What is the Pareto Principle
The Pareto Principle (also commonly known as the 80/20 principle), is an observation which states that 80 percent of outputs come from 20 percent of the inputs. It was first observed by the Italian economist Vilfredo Pareto, who observed that 80% of Italy’s wealth, came from 20% of its population. He found that this principle held roughly true in other countries and situations as well.
The Pareto Principle is a neat guide of describing distributions in real-life scenarios that holds true in a vast array of situations. That is, that each input in a scenario, is unequally distributed to the outputs of that situation.
- A common adage on Computer Science is that 20% of features contribute 80% of usage
- Microsoft also noted that 20% of bugs contribute 80% of crashes.
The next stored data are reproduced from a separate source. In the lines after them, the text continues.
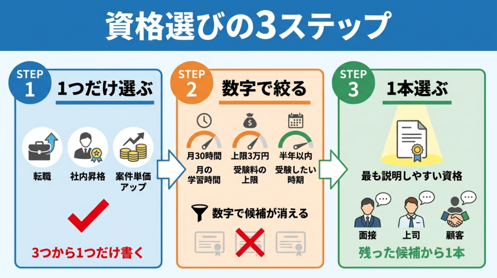 残った候補から「面接・上司・顧客に最も説明しやすい資格」を1本選ぶ
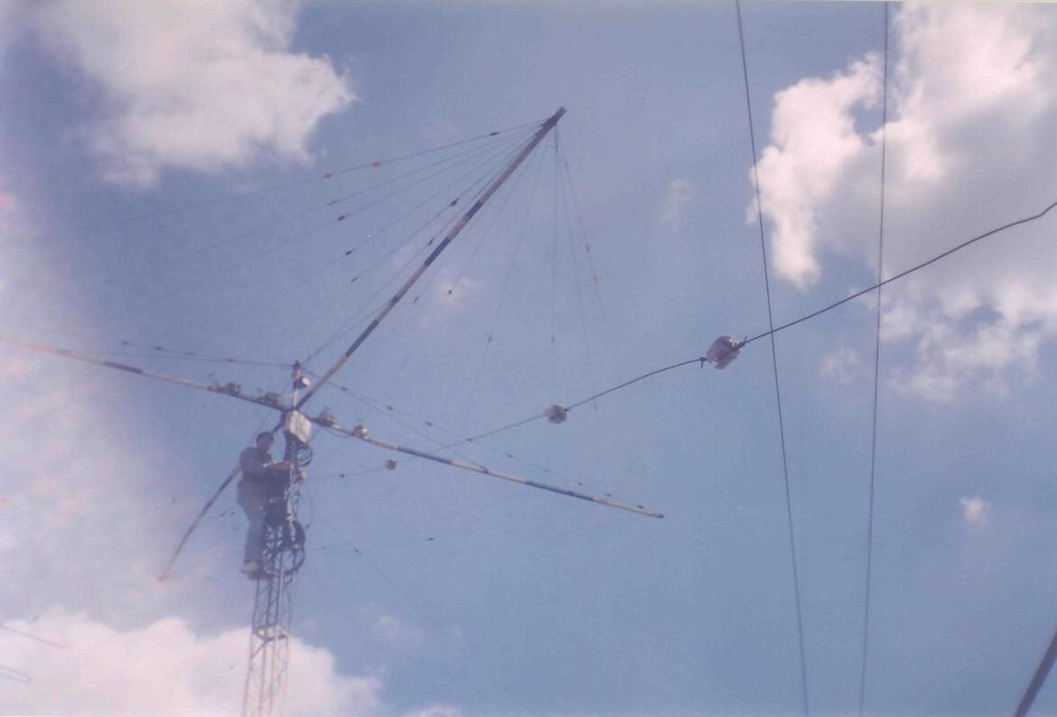 Зверху мачти.
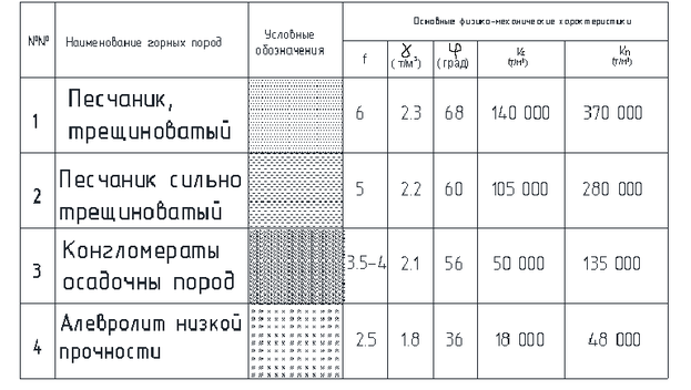 Примечание: f - коэффициент крепости по М. М. Протодьяконову; γ - удельный вес породы; φ - угол внутреннего трения; Кс - коэффициент упругого отпора за стеной; Kn - коэффициент упругого отпора под подошвой обделки.
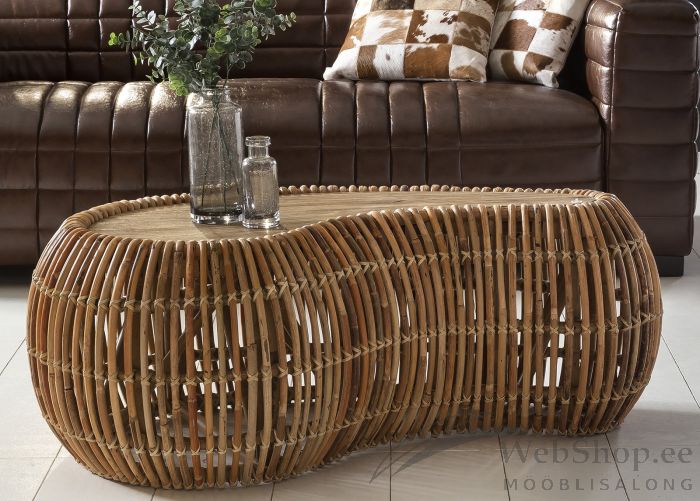 Tiikpuust lauaplaadi ja rotangist jalgadega viimistlemata diivanilaud. Tarnitakse monteeritult.
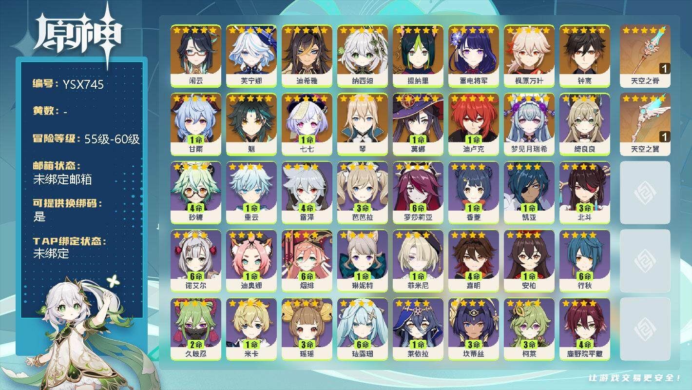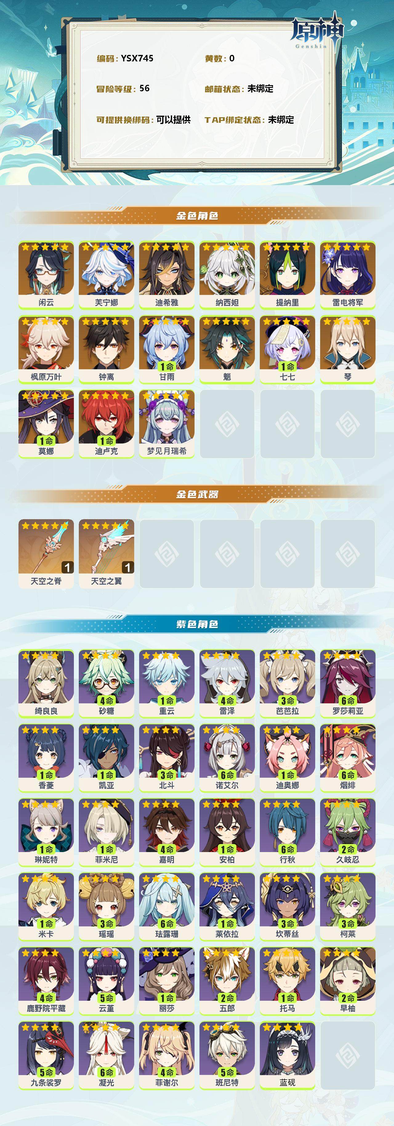 【YSX745】56级/女主/17个五星角色/0命梦见月瑞希/0命闲云/0命芙宁娜/迪希雅/纳西妲/提纳里/雷电将军/枫原万叶/魈/1命甘雨/钟离/琴/1命迪卢克/1命莫娜/1命七七/天空之脊/天空之翼/0命蓝砚/4命嘉明/0命菲米尼/0命琳妮特/0命绮良良/1命米卡/3命瑶瑶/满命珐露珊/1命莱依拉/3命坎蒂丝/3命柯莱/4命鹿野院平藏/2命久岐忍/5命云堇/2命五郎/1命托马/5命九条裟罗/2命早柚/满命烟绯/满命罗莎莉亚/0命迪奥娜/4命砂糖/4命雷泽/4命菲谢尔/1命丽莎/3命北斗/1命香菱/0命安柏/5命班尼特/满命行秋/3命芭芭拉/满命凝光/满命诺艾尔/0命凯亚/1命重云【按邮箱: 邮箱未绑定】
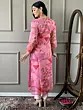 Peach-Yellow Embroidery Sequins & Hand Work Floral Leaf Printed Beautiful Organza Salwar Suit With Dupatta
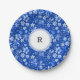 Monogram, Cobalt Blue Tropical Flowers Pattern 7" Paper Plate

While also finding that 20% of effort contributed 80% of features
- 20% of customers contribute to 80% of income
- 20% of workers contribute 80% of the work
It’s not simply a case of investing the same amount of input and getting an equal value out.
Why Use the Pareto Principle
I want to propose how valuable this observation is in project management and to consider using this to gain massive return on investment by adhering to it as a principle, beyond understanding the underlying statistic, whether in your own life or in your work.
If we accept that 20% of the effort produces 80% of the results in a project or product; it conversely holds true that 80% of the effort produces only 20% of the results. In investment terms, that is a massive investment of a resource for an increasingly diminishing return on investment (law of diminishing returns) – you wouldn’t want your investment banker running those odds, so why adhere to it in life or in project management?
Instead of investing so much more in terms of effort and resource to ‘complete’ a project or product, we could focus primarily on the efforts that produce the majority of the results and forget the rest, or at least use this to make an informed decision to prioritise investments on other projects before coming back to ‘complete’ the project.
Considering this, with the 80% of resources saved, we can invest in further projects and products and get 80% return on each of them – huge returns for the same inputs!
As project managers, it’s our responsibility to find the most efficient way to get projects completed. There is a set of tasks that generate a disproportionate amount of work.
With this in mind, I want you to consciously make a decision on how we allocate resource, and not keep aiming for the perfect final product. You may very well want the perfect product, but the key is that we have a choice.
- Create 5 wire-frame prototypes instead of 1 detail one
- Build 5 features with 80% of the functionality rather than 1 perfect one
- Find a solution to 5 bug that solves the issue for 80% of users rather than 1 that resolves it for everyone
That said, if we still need the final product 100% completed, it is about making an informed decision now that will optimise our investments – focus on the 20%’ers first that produce the best bang for our buck, re-prioritising as we see fit, before returning to attain 100%.
“The difference between successful people and very successful people is that very successful people say “no” to almost everything.”